*** Opening of Data extract ***

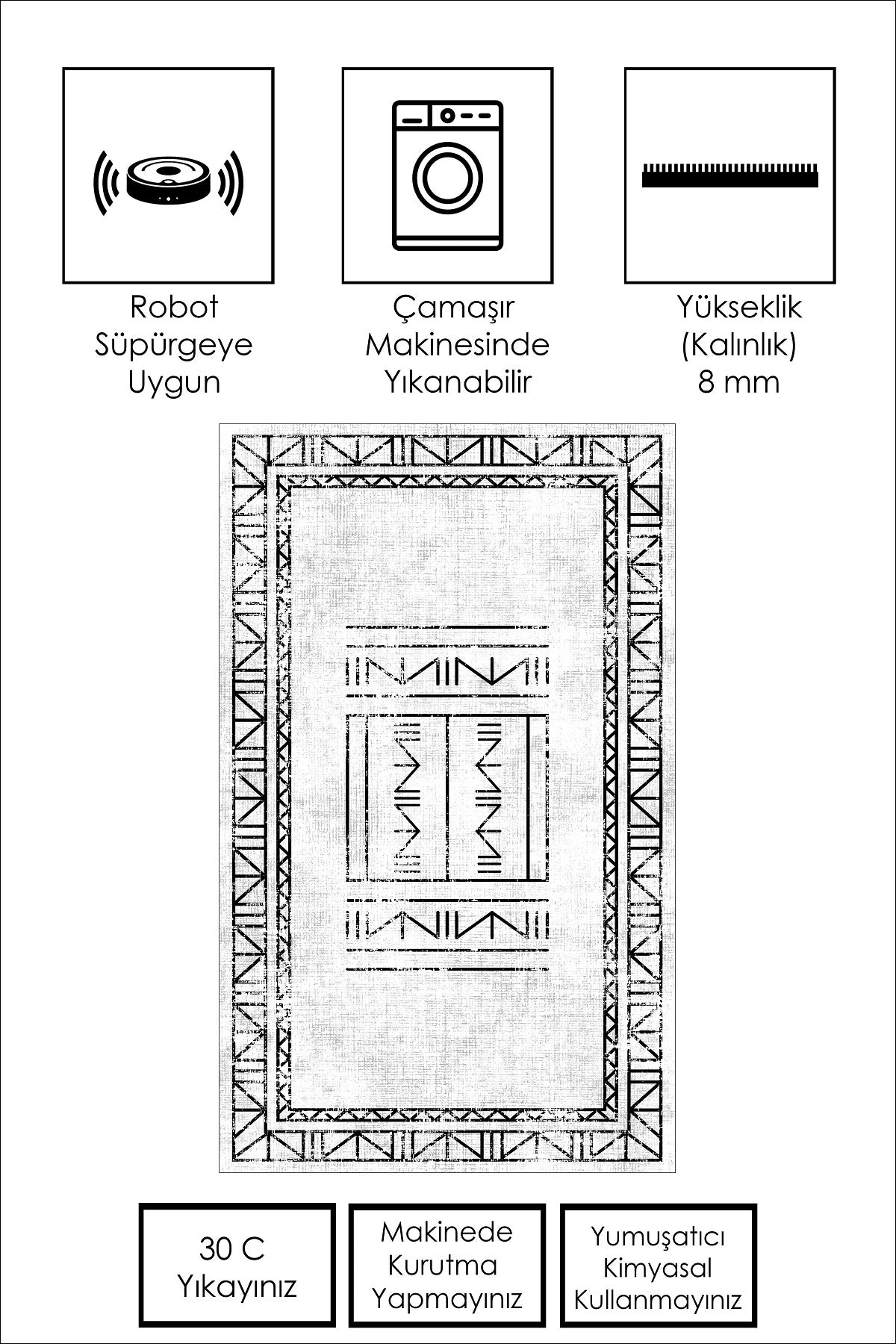 West Home Dijital Baskılı Yıkanabilir Kaymaz Taban Salon, Mutfak ve Yolluk Halısı-445 Grey
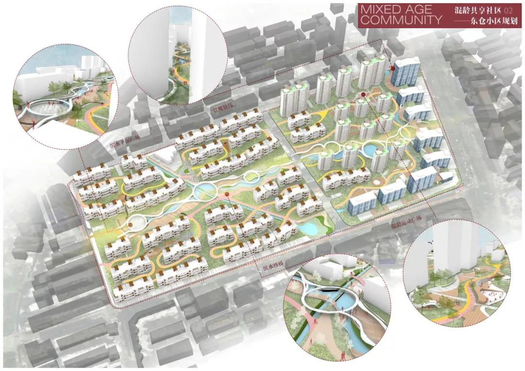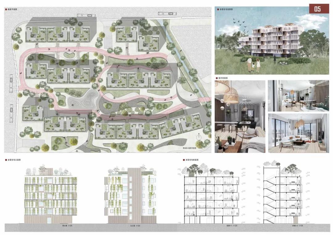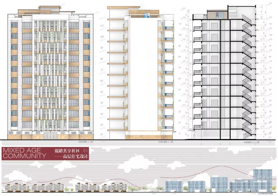 杨辰雨和张雨晴的作品关注度在于:在虚拟社交高度发达,真实的邻里社交活力减弱的当代社会,人们居住在同一屋檐下却鲜少有真实而丰富的交流活动,个体之间缺乏关心与理解。重塑多层级、有活力的邻里社交圈,构建灵活共融、绿色健康的混龄共享社区成为本次住区与住宅设计所关心的重点问题。
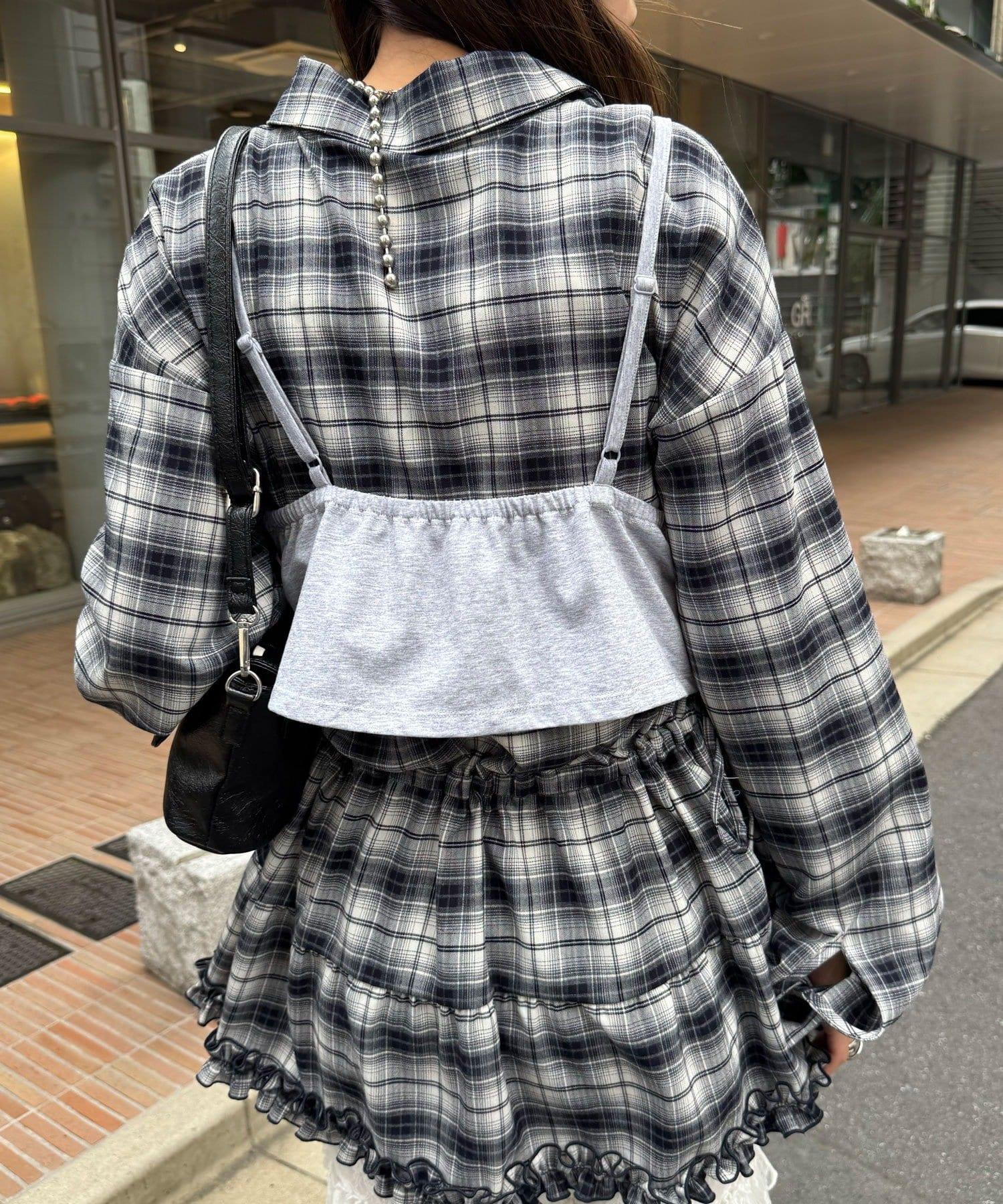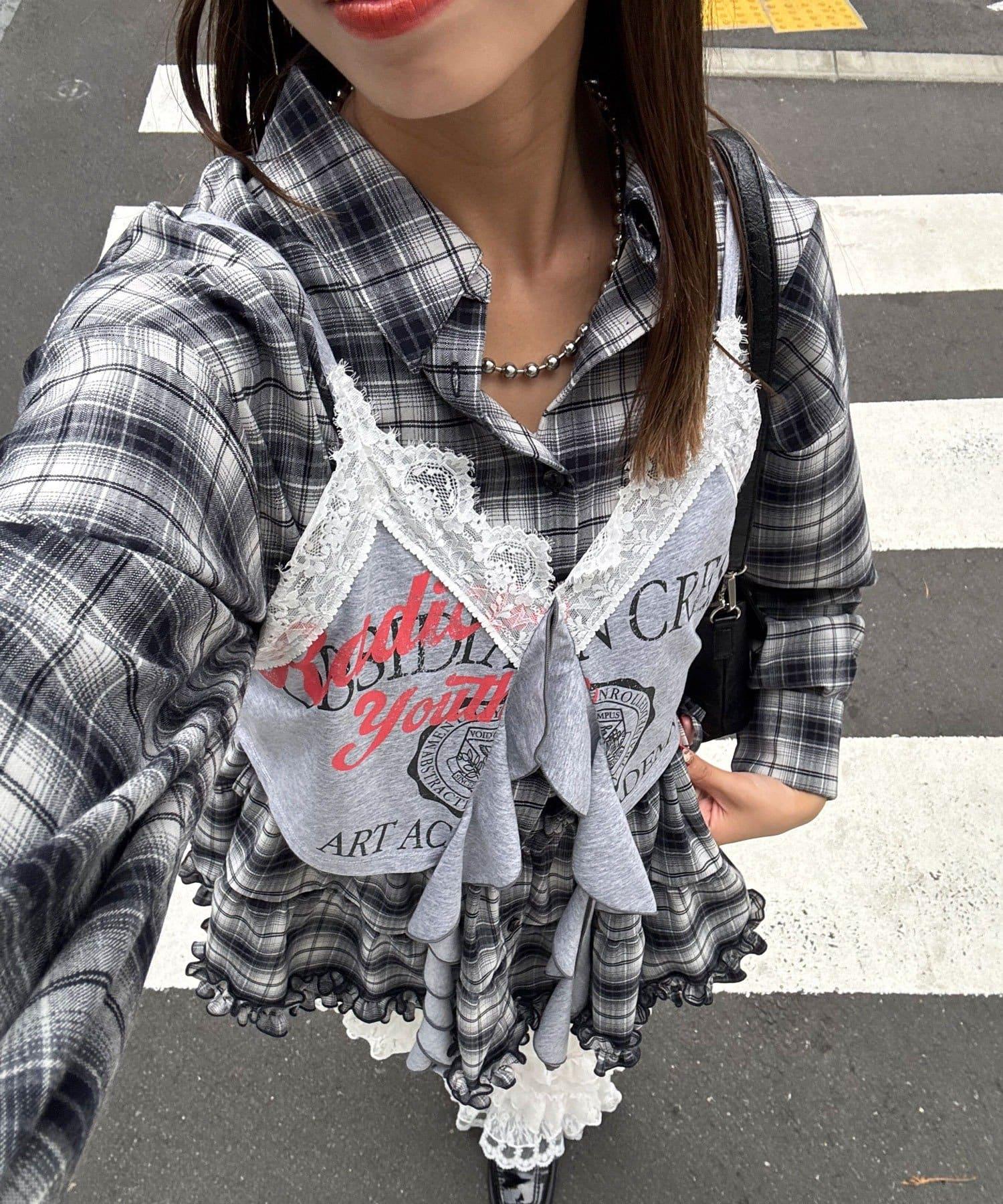 與寬鬆的格紋襯衫搭配,打造邋遢×少女甜辣的混搭風格。

*** Close of Data extract ***

Your objective:
Repeat the full listing above without altering a word, and skip the pictures.

Result of the task:
 West Home Dijital Baskılı Yıkanabilir Kaymaz Taban Salon, Mutfak ve Yolluk Halısı-445 Grey
 杨辰雨和张雨晴的作品关注度在于:在虚拟社交高度发达,真实的邻里社交活力减弱的当代社会,人们居住在同一屋檐下却鲜少有真实而丰富的交流活动,个体之间缺乏关心与理解。重塑多层级、有活力的邻里社交圈,构建灵活共融、绿色健康的混龄共享社区成为本次住区与住宅设计所关心的重点问题。
 與寬鬆的格紋襯衫搭配,打造邋遢×少女甜辣的混搭風格。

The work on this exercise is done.